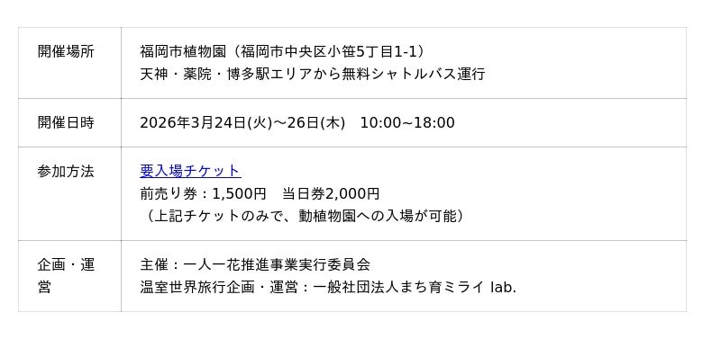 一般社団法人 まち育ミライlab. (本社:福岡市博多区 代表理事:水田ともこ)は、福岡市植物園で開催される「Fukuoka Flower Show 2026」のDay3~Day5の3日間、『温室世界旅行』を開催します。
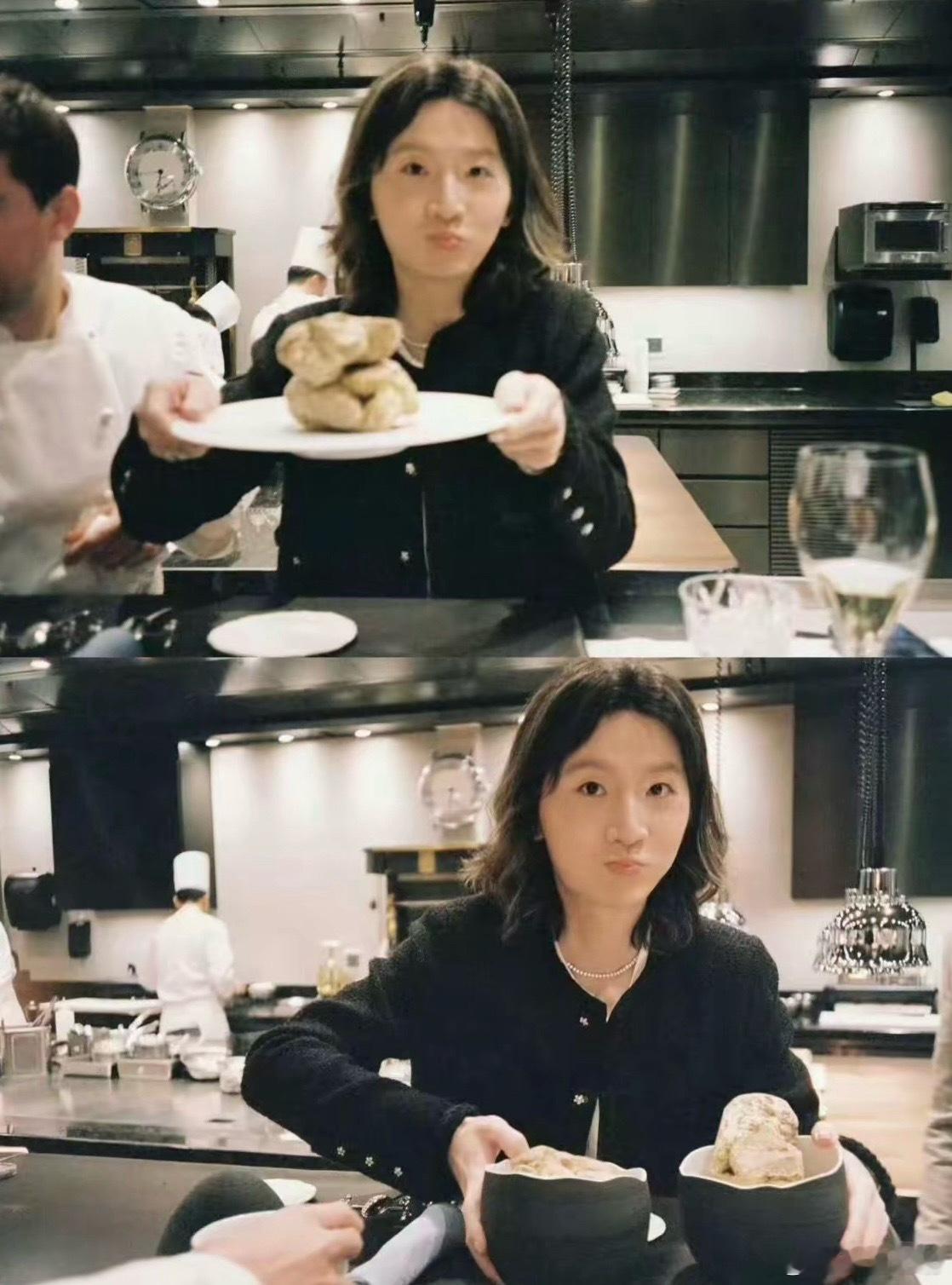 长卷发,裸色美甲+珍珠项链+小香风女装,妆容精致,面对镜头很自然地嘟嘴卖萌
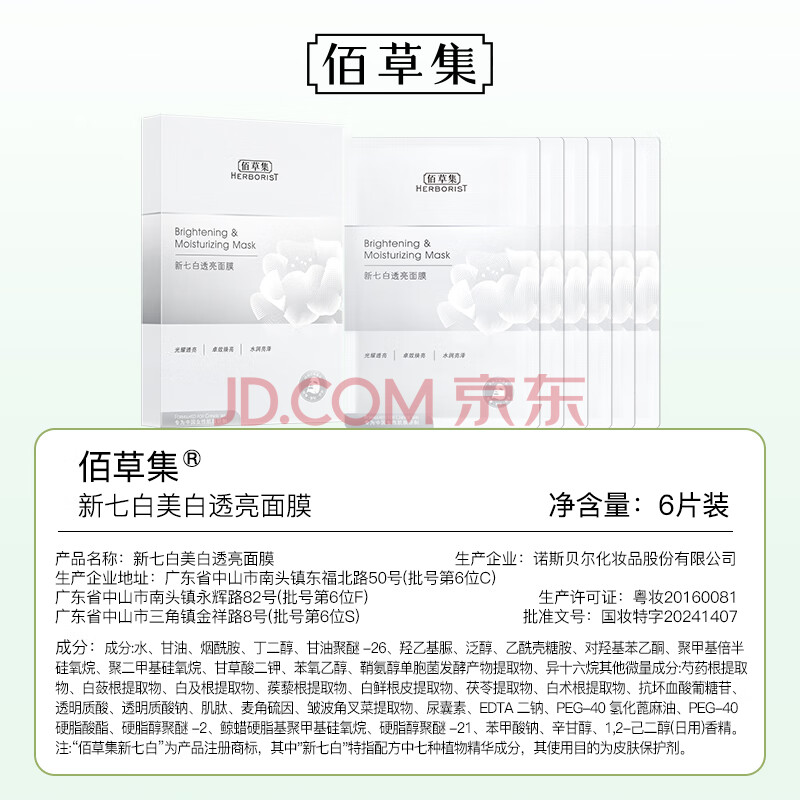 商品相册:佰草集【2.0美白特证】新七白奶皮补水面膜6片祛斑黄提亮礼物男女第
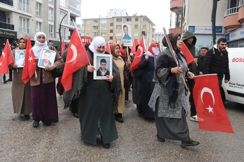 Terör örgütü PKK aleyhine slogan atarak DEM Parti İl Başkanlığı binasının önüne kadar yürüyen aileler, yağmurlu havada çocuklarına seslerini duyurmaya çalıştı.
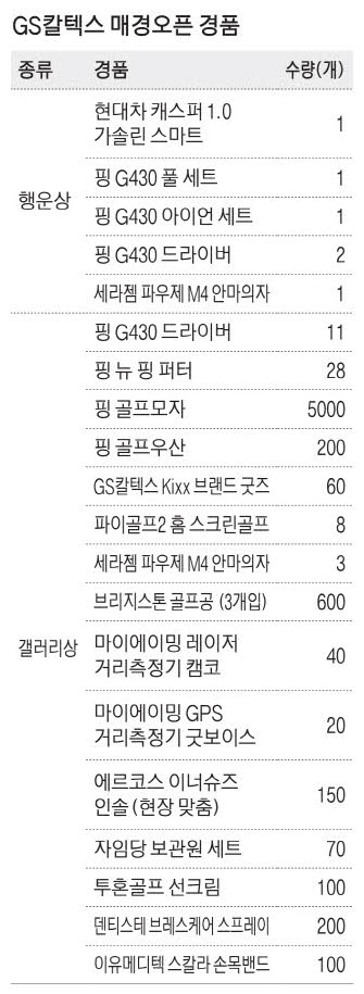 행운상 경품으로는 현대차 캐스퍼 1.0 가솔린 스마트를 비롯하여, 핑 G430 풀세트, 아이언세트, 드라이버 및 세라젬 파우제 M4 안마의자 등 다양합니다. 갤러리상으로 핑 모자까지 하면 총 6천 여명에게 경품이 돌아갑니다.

---

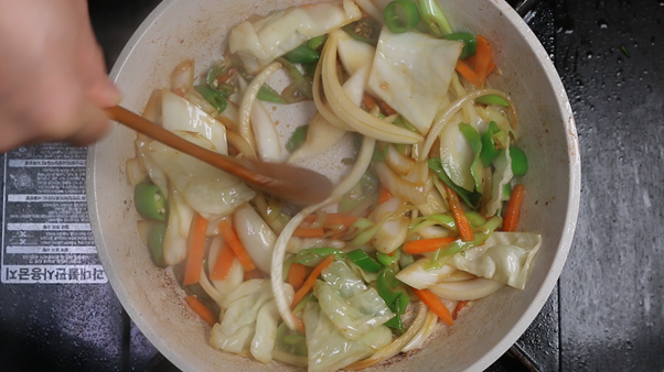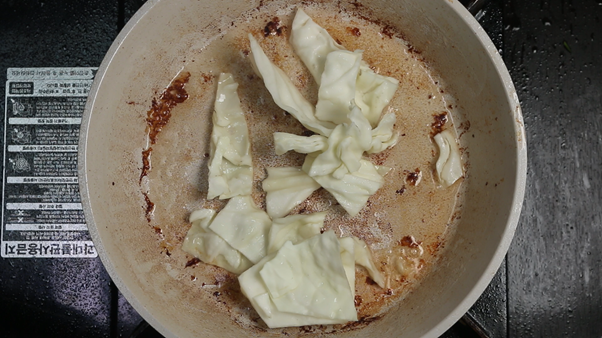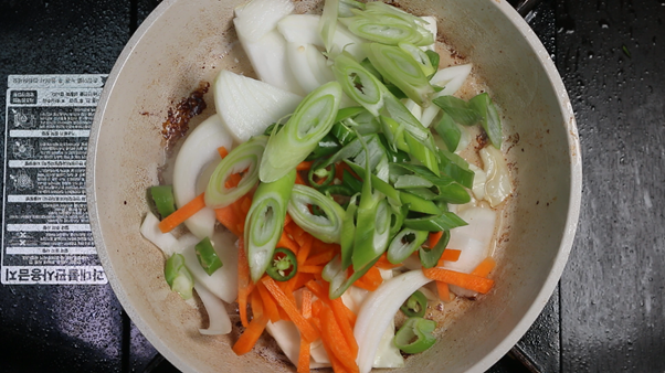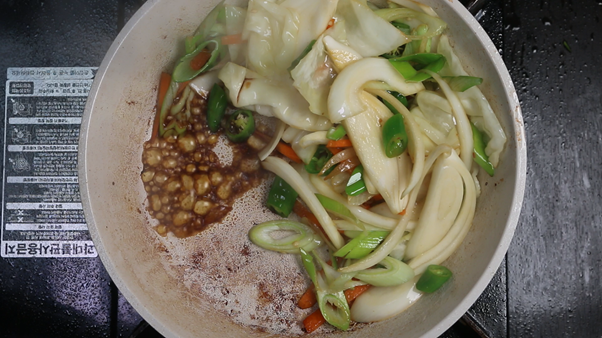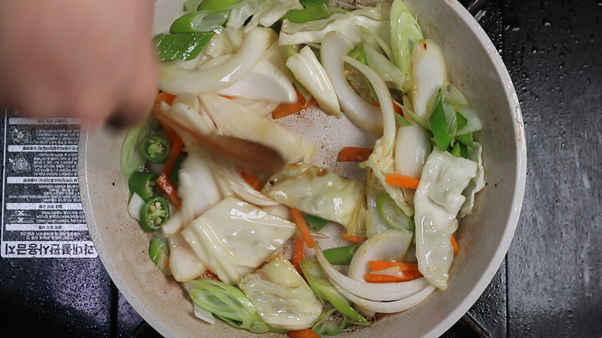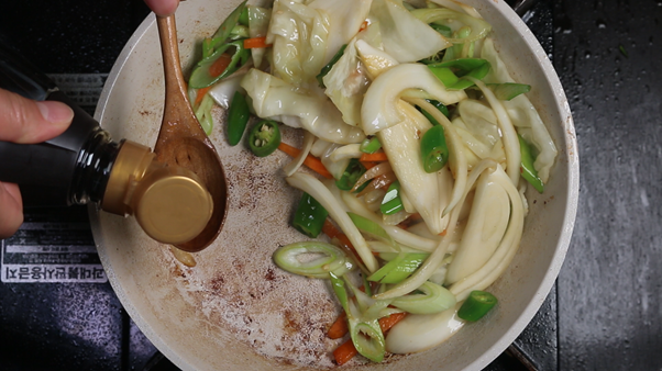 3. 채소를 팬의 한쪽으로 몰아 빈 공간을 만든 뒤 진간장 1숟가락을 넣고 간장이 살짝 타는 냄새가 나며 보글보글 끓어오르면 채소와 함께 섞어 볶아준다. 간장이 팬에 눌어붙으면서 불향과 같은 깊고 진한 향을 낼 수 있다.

■ Action item ■
Write out word for word the lines above that run from the one with "一般社団法人 まち育ミライlab. (本社:福岡市博多区" to the one with "Terör örgütü PKK". Include both end lines; exclude the images.

■ Output of the task ■
 一般社団法人 まち育ミライlab. (本社:福岡市博多区 代表理事:水田ともこ)は、福岡市植物園で開催される「Fukuoka Flower Show 2026」のDay3~Day5の3日間、『温室世界旅行』を開催します。
 长卷发,裸色美甲+珍珠项链+小香风女装,妆容精致,面对镜头很自然地嘟嘴卖萌
 商品相册:佰草集【2.0美白特证】新七白奶皮补水面膜6片祛斑黄提亮礼物男女第
 Terör örgütü PKK aleyhine slogan atarak DEM Parti İl Başkanlığı binasının önüne kadar yürüyen aileler, yağmurlu havada çocuklarına seslerini duyurmaya çalıştı.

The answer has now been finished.